[Exercise requirements]
Please retype the listing below, matching every line exactly.

[Data shown]
= = = =

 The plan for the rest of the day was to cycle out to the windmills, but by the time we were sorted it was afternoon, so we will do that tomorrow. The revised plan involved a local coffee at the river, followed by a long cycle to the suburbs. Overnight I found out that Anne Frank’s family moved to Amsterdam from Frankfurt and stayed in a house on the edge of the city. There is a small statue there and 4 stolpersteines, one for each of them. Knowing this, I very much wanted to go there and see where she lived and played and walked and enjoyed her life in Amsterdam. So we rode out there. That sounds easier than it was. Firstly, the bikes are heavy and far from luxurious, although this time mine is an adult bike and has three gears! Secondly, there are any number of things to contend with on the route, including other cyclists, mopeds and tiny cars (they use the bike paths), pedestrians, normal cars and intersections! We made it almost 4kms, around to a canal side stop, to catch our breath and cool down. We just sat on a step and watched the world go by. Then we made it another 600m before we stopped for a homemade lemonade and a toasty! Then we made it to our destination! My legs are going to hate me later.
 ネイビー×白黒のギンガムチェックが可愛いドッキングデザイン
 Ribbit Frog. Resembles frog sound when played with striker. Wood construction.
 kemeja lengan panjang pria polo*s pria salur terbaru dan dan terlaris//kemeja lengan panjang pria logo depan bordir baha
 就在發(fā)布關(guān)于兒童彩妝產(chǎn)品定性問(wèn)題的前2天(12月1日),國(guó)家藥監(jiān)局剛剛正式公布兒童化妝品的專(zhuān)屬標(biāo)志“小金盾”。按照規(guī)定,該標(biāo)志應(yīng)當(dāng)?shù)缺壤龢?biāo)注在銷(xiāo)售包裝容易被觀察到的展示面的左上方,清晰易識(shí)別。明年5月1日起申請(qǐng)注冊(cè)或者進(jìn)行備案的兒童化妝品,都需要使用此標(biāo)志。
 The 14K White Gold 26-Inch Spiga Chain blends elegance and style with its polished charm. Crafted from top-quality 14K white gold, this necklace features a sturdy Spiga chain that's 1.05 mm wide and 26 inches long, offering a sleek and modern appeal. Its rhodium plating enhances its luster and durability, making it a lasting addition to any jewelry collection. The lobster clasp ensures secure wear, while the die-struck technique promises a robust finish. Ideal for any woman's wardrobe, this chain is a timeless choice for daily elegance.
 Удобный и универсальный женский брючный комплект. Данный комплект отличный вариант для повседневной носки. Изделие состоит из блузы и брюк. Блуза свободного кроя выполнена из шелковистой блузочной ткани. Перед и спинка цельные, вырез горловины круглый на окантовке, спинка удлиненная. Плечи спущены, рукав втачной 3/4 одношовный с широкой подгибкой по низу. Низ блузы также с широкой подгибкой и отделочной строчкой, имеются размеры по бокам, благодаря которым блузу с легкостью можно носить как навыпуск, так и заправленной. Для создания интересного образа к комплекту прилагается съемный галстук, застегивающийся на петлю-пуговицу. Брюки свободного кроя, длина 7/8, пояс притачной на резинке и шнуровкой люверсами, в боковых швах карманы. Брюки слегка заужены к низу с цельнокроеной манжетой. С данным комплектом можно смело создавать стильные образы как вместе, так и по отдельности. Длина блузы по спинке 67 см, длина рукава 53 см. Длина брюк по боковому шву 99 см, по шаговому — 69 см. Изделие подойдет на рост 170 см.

= = = =

[Solution to this problem]
 The plan for the rest of the day was to cycle out to the windmills, but by the time we were sorted it was afternoon, so we will do that tomorrow. The revised plan involved a local coffee at the river, followed by a long cycle to the suburbs. Overnight I found out that Anne Frank’s family moved to Amsterdam from Frankfurt and stayed in a house on the edge of the city. There is a small statue there and 4 stolpersteines, one for each of them. Knowing this, I very much wanted to go there and see where she lived and played and walked and enjoyed her life in Amsterdam. So we rode out there. That sounds easier than it was. Firstly, the bikes are heavy and far from luxurious, although this time mine is an adult bike and has three gears! Secondly, there are any number of things to contend with on the route, including other cyclists, mopeds and tiny cars (they use the bike paths), pedestrians, normal cars and intersections! We made it almost 4kms, around to a canal side stop, to catch our breath and cool down. We just sat on a step and watched the world go by. Then we made it another 600m before we stopped for a homemade lemonade and a toasty! Then we made it to our destination! My legs are going to hate me later.
 ネイビー×白黒のギンガムチェックが可愛いドッキングデザイン
 Ribbit Frog. Resembles frog sound when played with striker. Wood construction.
 kemeja lengan panjang pria polo*s pria salur terbaru dan dan terlaris//kemeja lengan panjang pria logo depan bordir baha
 就在發(fā)布關(guān)于兒童彩妝產(chǎn)品定性問(wèn)題的前2天(12月1日),國(guó)家藥監(jiān)局剛剛正式公布兒童化妝品的專(zhuān)屬標(biāo)志“小金盾”。按照規(guī)定,該標(biāo)志應(yīng)當(dāng)?shù)缺壤龢?biāo)注在銷(xiāo)售包裝容易被觀察到的展示面的左上方,清晰易識(shí)別。明年5月1日起申請(qǐng)注冊(cè)或者進(jìn)行備案的兒童化妝品,都需要使用此標(biāo)志。
 The 14K White Gold 26-Inch Spiga Chain blends elegance and style with its polished charm. Crafted from top-quality 14K white gold, this necklace features a sturdy Spiga chain that's 1.05 mm wide and 26 inches long, offering a sleek and modern appeal. Its rhodium plating enhances its luster and durability, making it a lasting addition to any jewelry collection. The lobster clasp ensures secure wear, while the die-struck technique promises a robust finish. Ideal for any woman's wardrobe, this chain is a timeless choice for daily elegance.
 Удобный и универсальный женский брючный комплект. Данный комплект отличный вариант для повседневной носки. Изделие состоит из блузы и брюк. Блуза свободного кроя выполнена из шелковистой блузочной ткани. Перед и спинка цельные, вырез горловины круглый на окантовке, спинка удлиненная. Плечи спущены, рукав втачной 3/4 одношовный с широкой подгибкой по низу. Низ блузы также с широкой подгибкой и отделочной строчкой, имеются размеры по бокам, благодаря которым блузу с легкостью можно носить как навыпуск, так и заправленной. Для создания интересного образа к комплекту прилагается съемный галстук, застегивающийся на петлю-пуговицу. Брюки свободного кроя, длина 7/8, пояс притачной на резинке и шнуровкой люверсами, в боковых швах карманы. Брюки слегка заужены к низу с цельнокроеной манжетой. С данным комплектом можно смело создавать стильные образы как вместе, так и по отдельности. Длина блузы по спинке 67 см, длина рукава 53 см. Длина брюк по боковому шву 99 см, по шаговому — 69 см. Изделие подойдет на рост 170 см.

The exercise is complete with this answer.